Phoenix Multifamily Market Hits $42B in Sales Over the Last Decade

Article originally posted on Globe St. on March 31, 2021

The Phoenix multifamily market is officially among the top in the nation. According to a new report from Commercial Search, the city is ranked sixth in the nation for multifamily sales over the last decade. The market has closed $42 billion in apartment investment sales since 2009. During that time, prices on multifamily increased 156%.

“Recent multifamily investment activity in Phoenix has been driven by the overall growth and success of the Arizona economy,” Chapin Bell, CEO of P.B. Bell and an expert on the Phoenix market, tells GlobeSt.com. “There are a number of large companies coming to Phoenix to expand their businesses which brings an influx of job opportunities to the city so more individuals are flocking to the area. As a result of this, we’ve seen an increased need for housing, especially in multifamily.”

Affordability is a key driver of growth, particularly in multifamily. Much of the inward population growth is driven by a more affordable quality of life. “We are seeing a lot of people moving here from states like California to get away from the high cost of living. Overall, the multifamily industry is experiencing so much success because it is riding on the coattails of the Arizona economy,” says Bell.

The pandemic has actually underscored the health and strength of the market, rebounding quickly following the initial onset. Today, the market has already seen a major bounce back in the job market. However, that isn’t to say that the pandemic had no impact. Bell says multifamily investment paused for 90 days last year. “Many industry leaders paused on current activity and waited to see what would happen next,” he says. “After those first 90 days, we saw that most industries remained open in the state of Arizona and construction continued which meant that growth would continue in Phoenix and the city would still be extremely desirable to multifamily investors.
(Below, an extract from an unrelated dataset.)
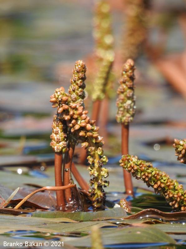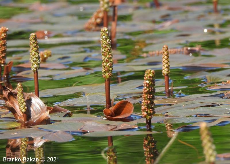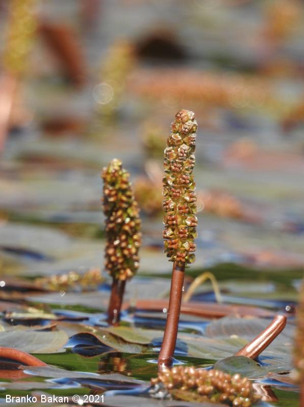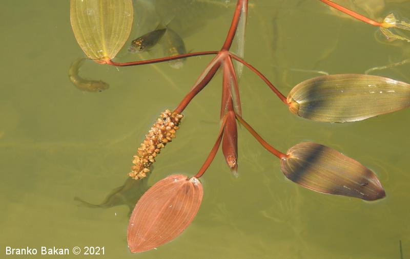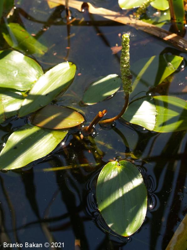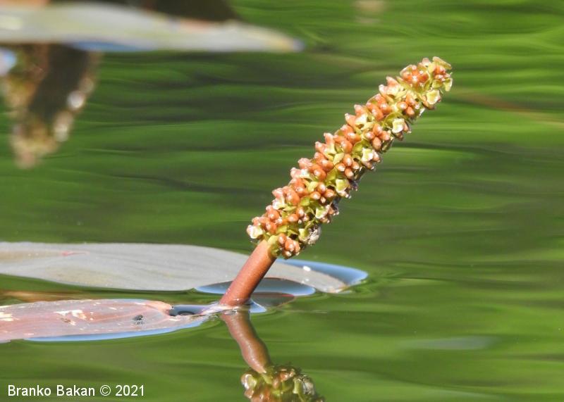 Opis: ukoreninjena vodna trajnica s premenjalno razvrščenimi potopljenimi in plavajočimi listi. Steblo je bolj ali manj okroglo. Plavajoči listi so široko eliptični do jajčasti, dolgopecljati, nekoliko usnjati, pogosto rjavo obarvani, večinoma s srčastim, redkeje z ravnim dnom, 5 do 10 cm dolgi in okrog 4 cm široki, z vzporednimi, lokasto ukrivljenimi žilami. Potopljeni listi v času cvetenja večinoma manjkajo, so ozko črtalasti, sedeči, mlahavi. Socvetje je klasasto, dolgopecljato (pecelj tik pod cvetovi ni vidno odebeljen), 4-15 cm veliko. Cvetovi so drobni, rjavkastozeleni, sedeči, dvospolni. Plodič je podoben orešku, trebušasto zaobljen.

As an industry, we saw some job losses, but being an essential business, we were lucky to be able to sustain most positions and continue working.”

The strong local economic fundamentals are driving demand and population growth, but Phoenix also offers investors attractive yields. “On the investment side, we are seeing a lowering of cap rates in the market, which is beneficial for sellers. We have a lot of capital flowing to Arizona because there is an expectation of continued growth due to the strong economy,” says Bell.

If the recovery from the initial onset of the pandemic is any indication, Phoenix multifamily will continue to recover this year. “I think we can expect to see sales volumes continue at a strong pace, just as they did in 2020,” says Bell. “Despite the 90 day pause in the beginning of the pandemic, values have continued to go up and we can expect to continue to experience this in 2021, as well as a continued increase in investment sales due to the strength of the economy.”